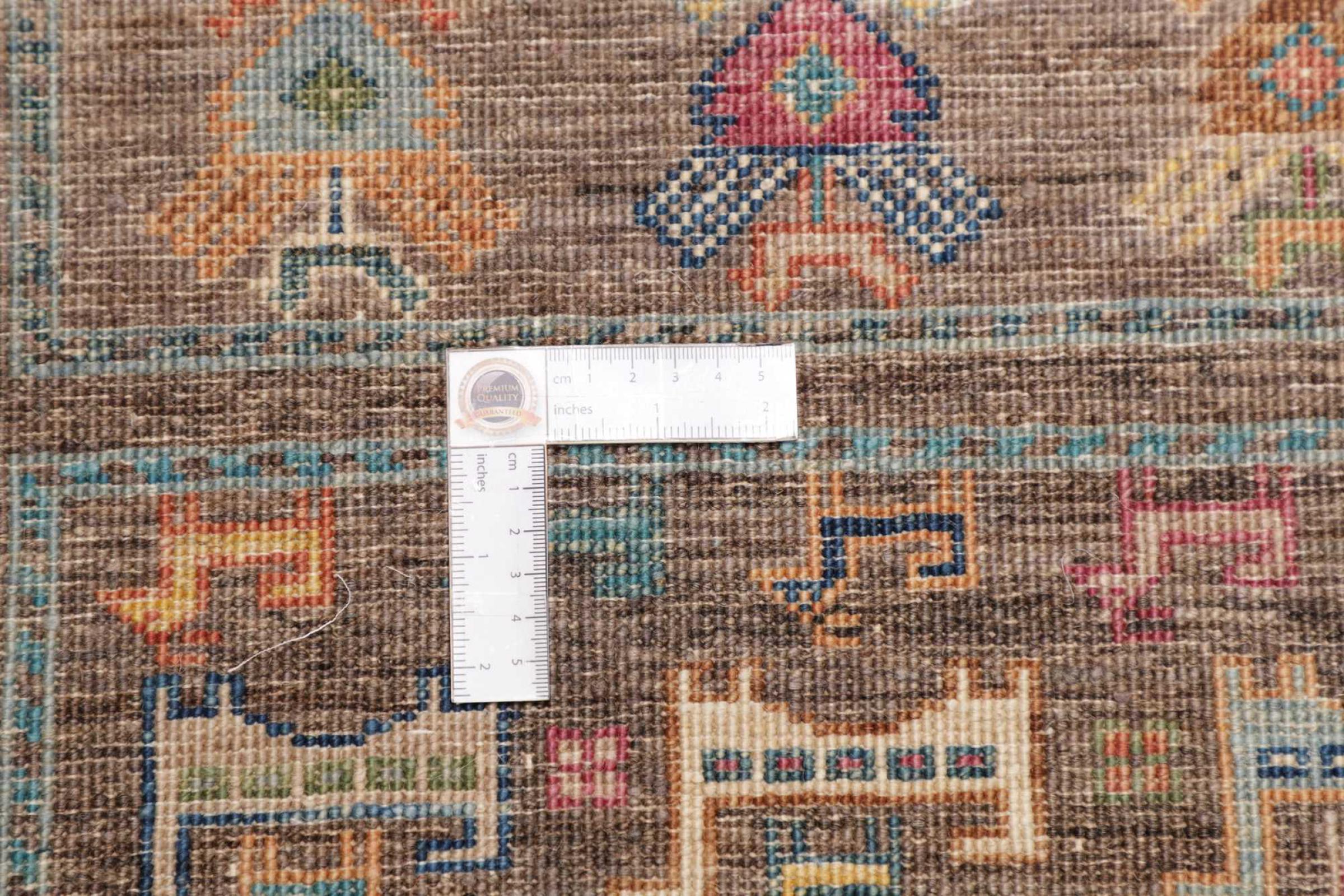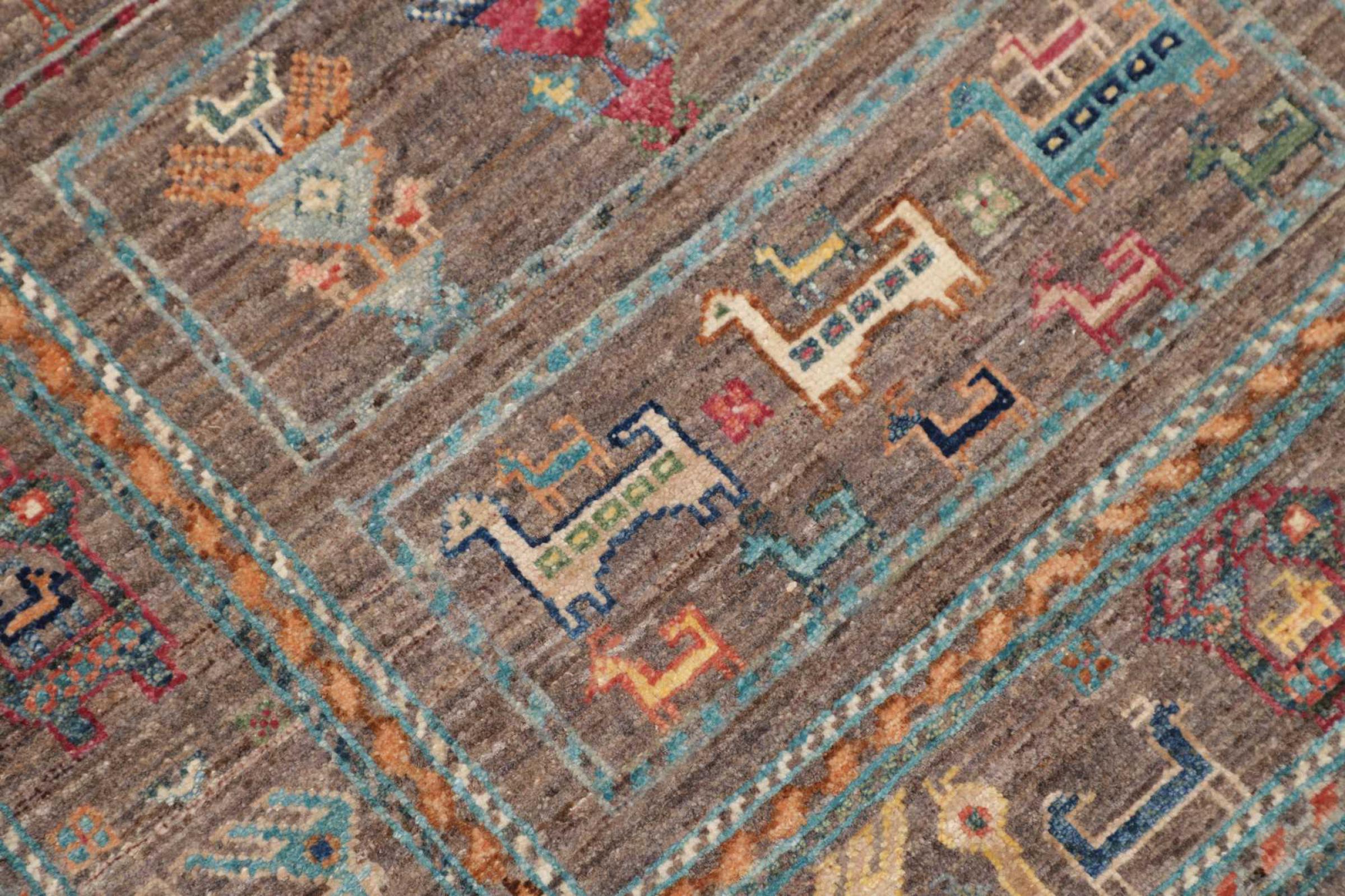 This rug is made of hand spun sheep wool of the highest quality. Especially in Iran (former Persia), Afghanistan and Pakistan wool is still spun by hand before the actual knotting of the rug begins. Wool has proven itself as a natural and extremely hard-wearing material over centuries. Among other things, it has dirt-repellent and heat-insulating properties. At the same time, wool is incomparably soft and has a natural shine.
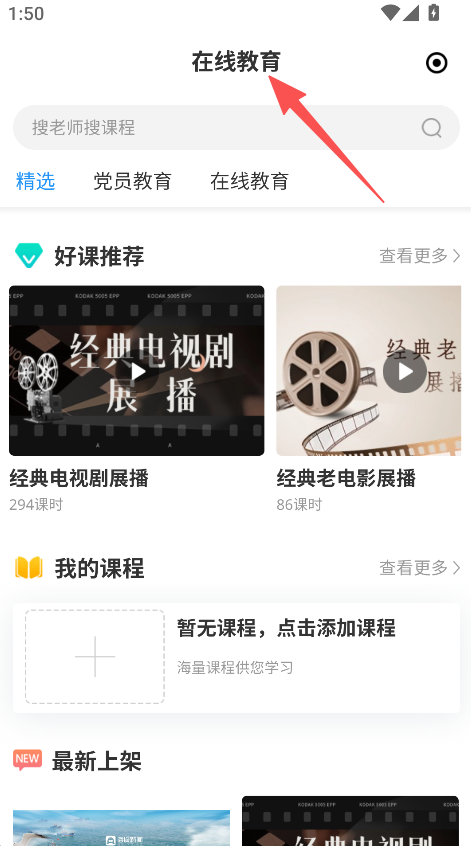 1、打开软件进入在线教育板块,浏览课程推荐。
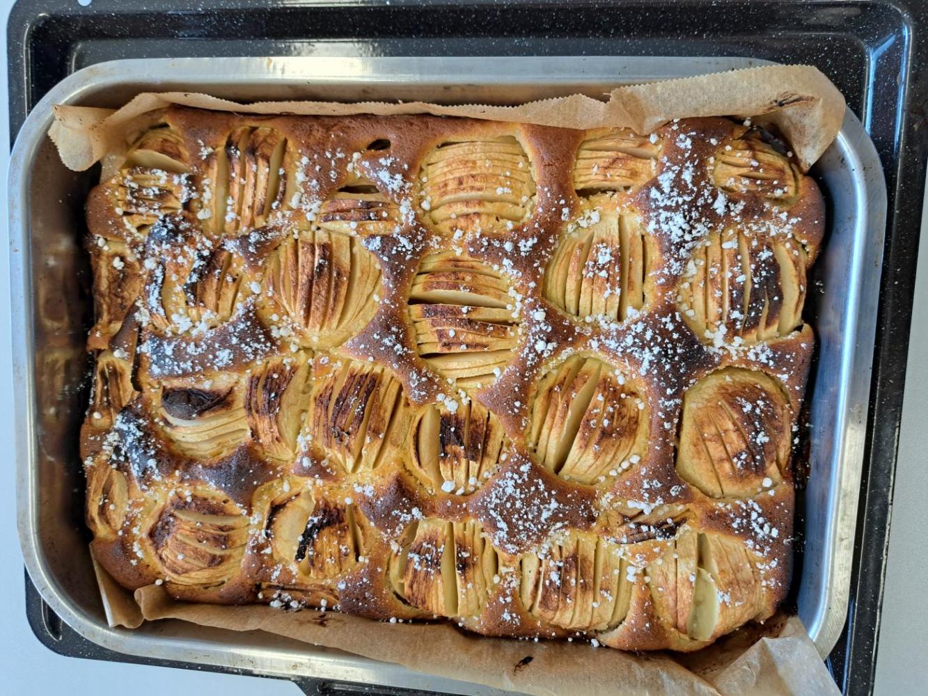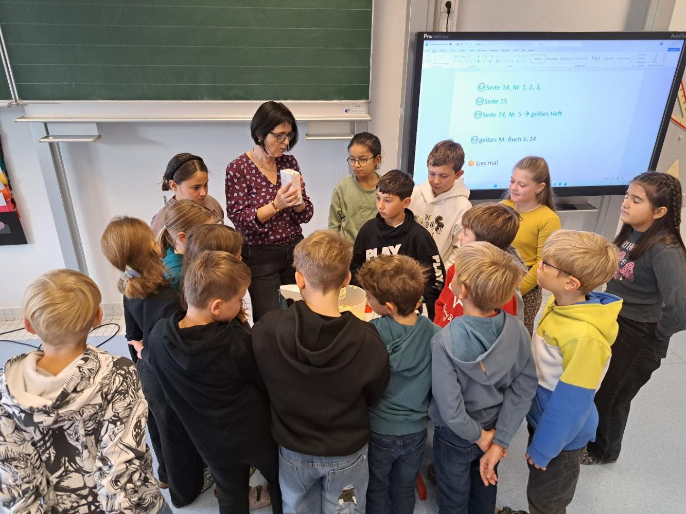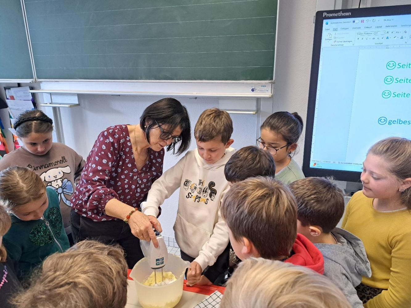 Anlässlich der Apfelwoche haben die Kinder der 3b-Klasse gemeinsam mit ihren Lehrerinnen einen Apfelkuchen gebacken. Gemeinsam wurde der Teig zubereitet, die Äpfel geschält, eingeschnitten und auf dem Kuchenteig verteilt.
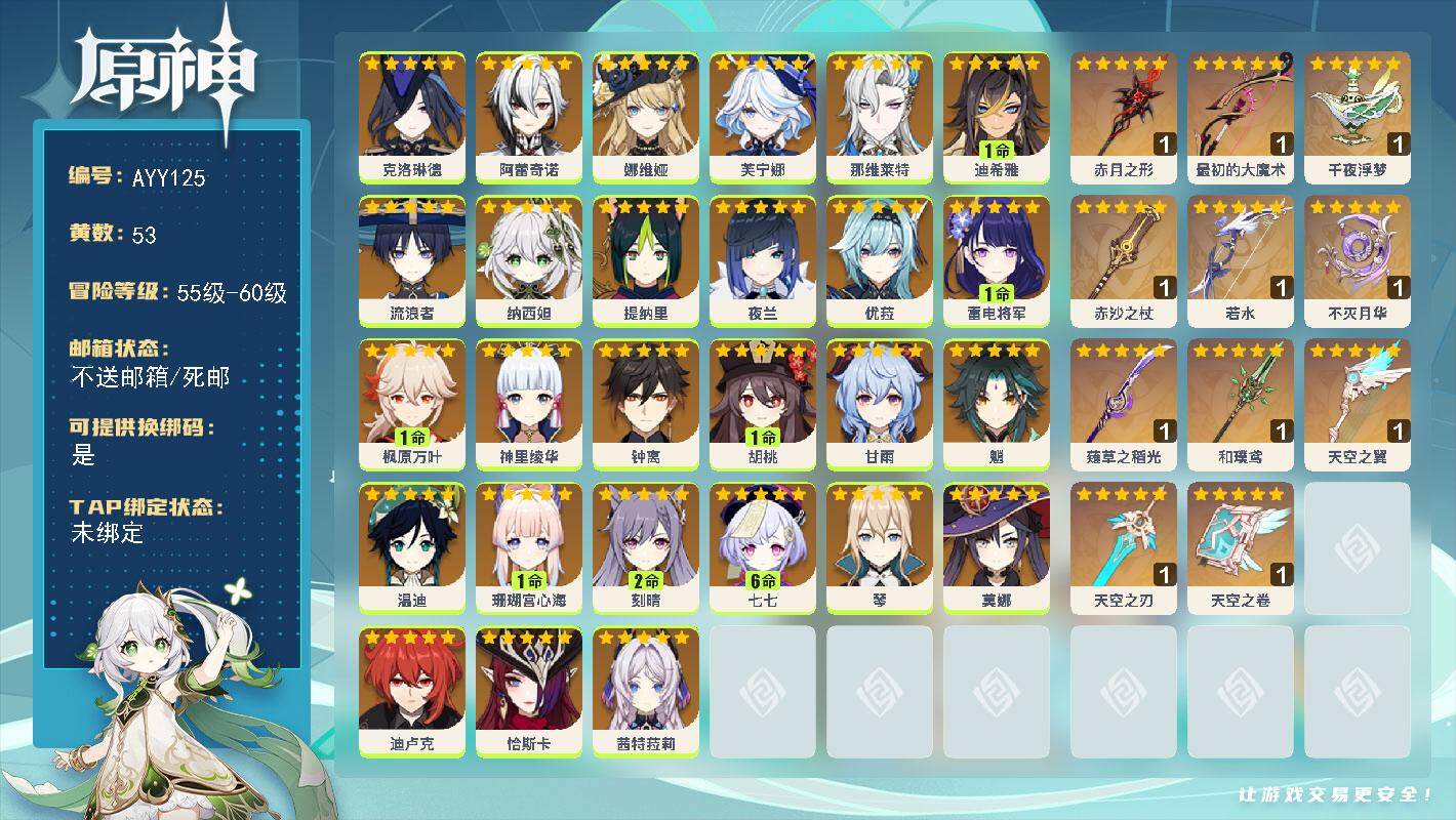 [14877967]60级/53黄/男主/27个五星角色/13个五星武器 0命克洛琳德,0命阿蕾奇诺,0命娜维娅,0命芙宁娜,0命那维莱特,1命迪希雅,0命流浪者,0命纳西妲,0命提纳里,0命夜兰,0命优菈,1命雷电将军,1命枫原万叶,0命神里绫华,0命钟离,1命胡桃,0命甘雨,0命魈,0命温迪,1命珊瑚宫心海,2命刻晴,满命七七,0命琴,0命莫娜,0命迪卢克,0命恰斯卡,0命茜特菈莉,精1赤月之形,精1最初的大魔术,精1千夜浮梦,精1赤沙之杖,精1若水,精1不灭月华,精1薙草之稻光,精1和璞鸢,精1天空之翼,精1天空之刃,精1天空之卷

- **EXERCISE DESCRIPTION**
All lines from the beginning of the material through the line that holds "Anlässlich der Apfelwoche", both included, should be returned exactly; please omit any pictures and add no other lines.

- **ANSWER TO THIS PROBLEM**
 This rug is made of hand spun sheep wool of the highest quality. Especially in Iran (former Persia), Afghanistan and Pakistan wool is still spun by hand before the actual knotting of the rug begins. Wool has proven itself as a natural and extremely hard-wearing material over centuries. Among other things, it has dirt-repellent and heat-insulating properties. At the same time, wool is incomparably soft and has a natural shine.
 1、打开软件进入在线教育板块,浏览课程推荐。
 Anlässlich der Apfelwoche haben die Kinder der 3b-Klasse gemeinsam mit ihren Lehrerinnen einen Apfelkuchen gebacken. Gemeinsam wurde der Teig zubereitet, die Äpfel geschält, eingeschnitten und auf dem Kuchenteig verteilt.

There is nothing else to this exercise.